What about the workers? Vanstone’s Bulldust Buster: Labor’s Reality Check
“I recently asked for fact sheets in graphic form showing what has happened to my portfolio’s constituency, generally speaking, over the last decade.
“The picture this paints is even clearer, starker and more revealing than I had expected.
“Labor pretends to itself and its supporters that it’s the party of the workers, unemployed and the poor.
“It’s time that Labor, its apparatchiks, supporters and sympathisers had a reality check.
“You don’t have to look far behind the somewhat academic analysis to see the devastating impact, not so much on the figures, but on real people’s lives, of Labor’s economic mismanagement.
“Labor has never understood that our commitment to sound economic management has got little to do with ideology, nothing to do with academia and nothing to do with interest groups. It’s got everything to do with what happens to real people, to workers, to the poor and to people on welfare when the economy is in disarray.
“Perhaps the coldest bucket of water to be thrown over Labor’s delusion of supporting the workers is the fact that Labor drove the real wages of low income workers down and the Howard government’s economic management has seen the minimum wage increase by over 8% in real terms.
“The odious and contemptible fact is that Labor shamelessly boasted about the decline in real minimum wages.

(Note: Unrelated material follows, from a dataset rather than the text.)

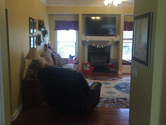 Beautiful 3BR, 3 Bath house in the desirable Woodlawn Springs subdivision. The Master BR has vaulted ceilings along with double closets and Master bath attached with big Jacuzzi tub. Dining room and living room are open and have 10 ft. ceilings and a gas fireplace. Kitchen has brand new dishwasher and all appliances stay. Basement has 1516 sq. feet finished with a large den, another big room (could be a 4th bedroom), Full bathroom,storage area, and a utility garage that opens up to the backyard. The basement is a walkout with a large deck and patio underneath that is covered. The yard is .45 acres and has a built in playhouse that stays and a basketball court out back. Air conditioning unit was replaced last summer. Two car garage. Homeowners have access to the pool, basketball.

“As unpalatable, undigestible and unattractive as it may be to Labor, each page tells a particular story over the past decade. They tell the plain, simple facts with no bulldust.
- Over 830,000 more people in paid work – compared with nearly a million unemployed under Labor’s recession “we had to have”.

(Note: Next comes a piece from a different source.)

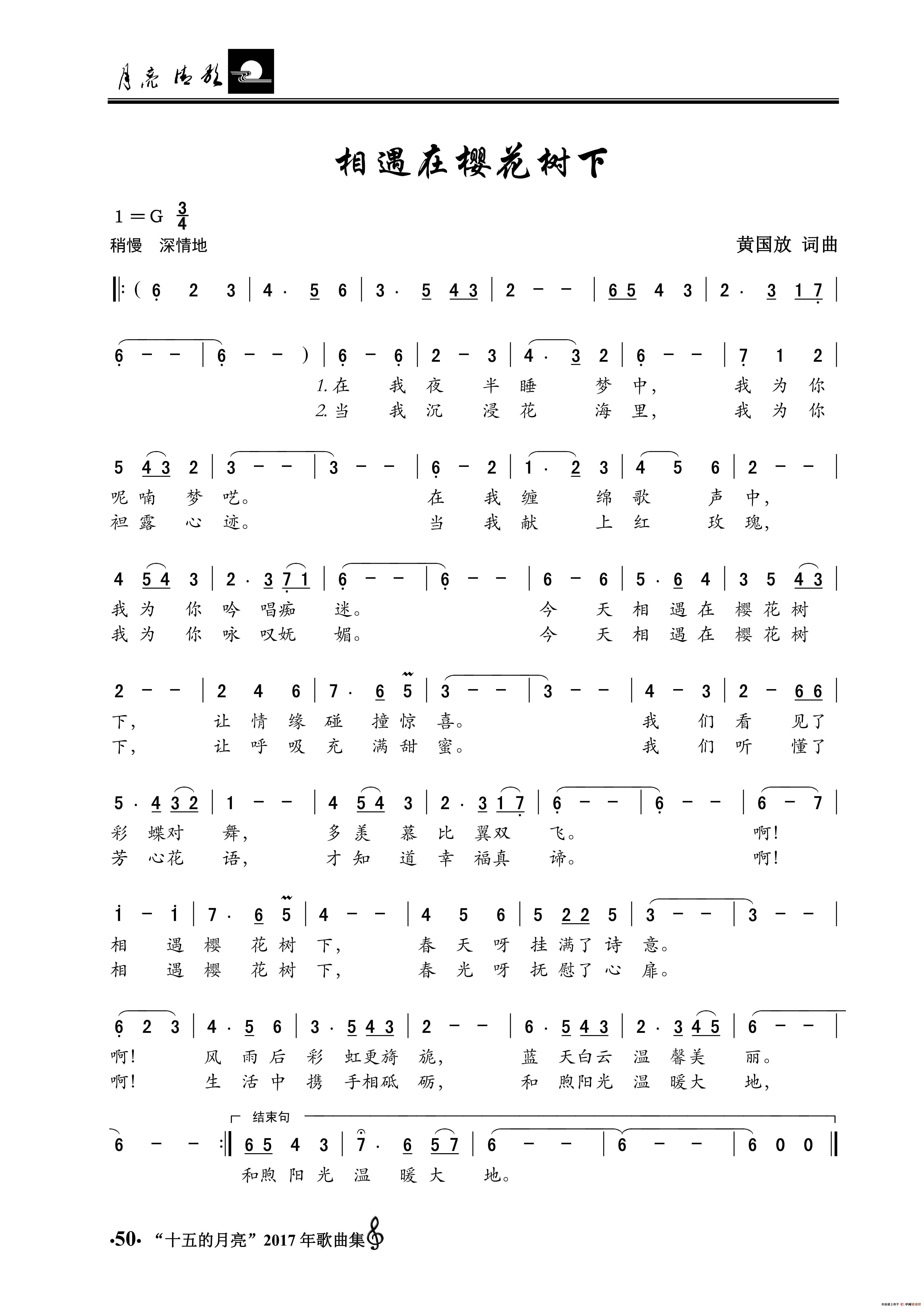相遇在樱花树下相关五线谱

- The real wages of the lowest paid workers have increased by over 8% under us. This compares with a decline in real minimum wages of around 5% during Labor’s term.

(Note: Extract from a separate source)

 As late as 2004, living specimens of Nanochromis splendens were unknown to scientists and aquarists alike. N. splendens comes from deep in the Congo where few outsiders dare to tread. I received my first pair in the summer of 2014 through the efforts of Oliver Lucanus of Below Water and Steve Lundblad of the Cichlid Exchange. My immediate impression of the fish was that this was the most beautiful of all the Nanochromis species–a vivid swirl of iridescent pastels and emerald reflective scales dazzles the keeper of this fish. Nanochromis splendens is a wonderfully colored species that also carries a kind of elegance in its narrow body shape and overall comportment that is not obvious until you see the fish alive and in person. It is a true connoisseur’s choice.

- More part time jobs in the economy and there is more government assistance with child care costs. This means that women, in particular, who want to work part time and raise their children have greater flexibility and choice.
- Compared with Labor’s punitive peak interest rates of 17%, borrowers with a $100,000 mortgage are now saving $744 per month.
- Government debt levels are historically low. The savings on interest payments means that much more can be spent on health, education, defence and welfare.
- Fewer families on welfare payments, more families being assisted with child care and more sole parents in work. This means that more children are now growing up in households where at least one parent has a job.
- More young people studying and working, and fewer unemployed. We have increased apprenticeships and traineeships by 79% since 1996.
- The value of the pension has increased in real terms under the Howard government, unlike Labor who did little more than match the inflation rate (CPI) since 1990.
- There has been no significant change in income shares over the five years of the Coalition government. The rich are not getting richer at the expense of the poor.
“Australians traditionally believe in a “fair go”. The Howard government has delivered a fair go to working men and women. We have rewarded work and we have rewarded families who are raising their children, buying their home and want to pay less income tax”.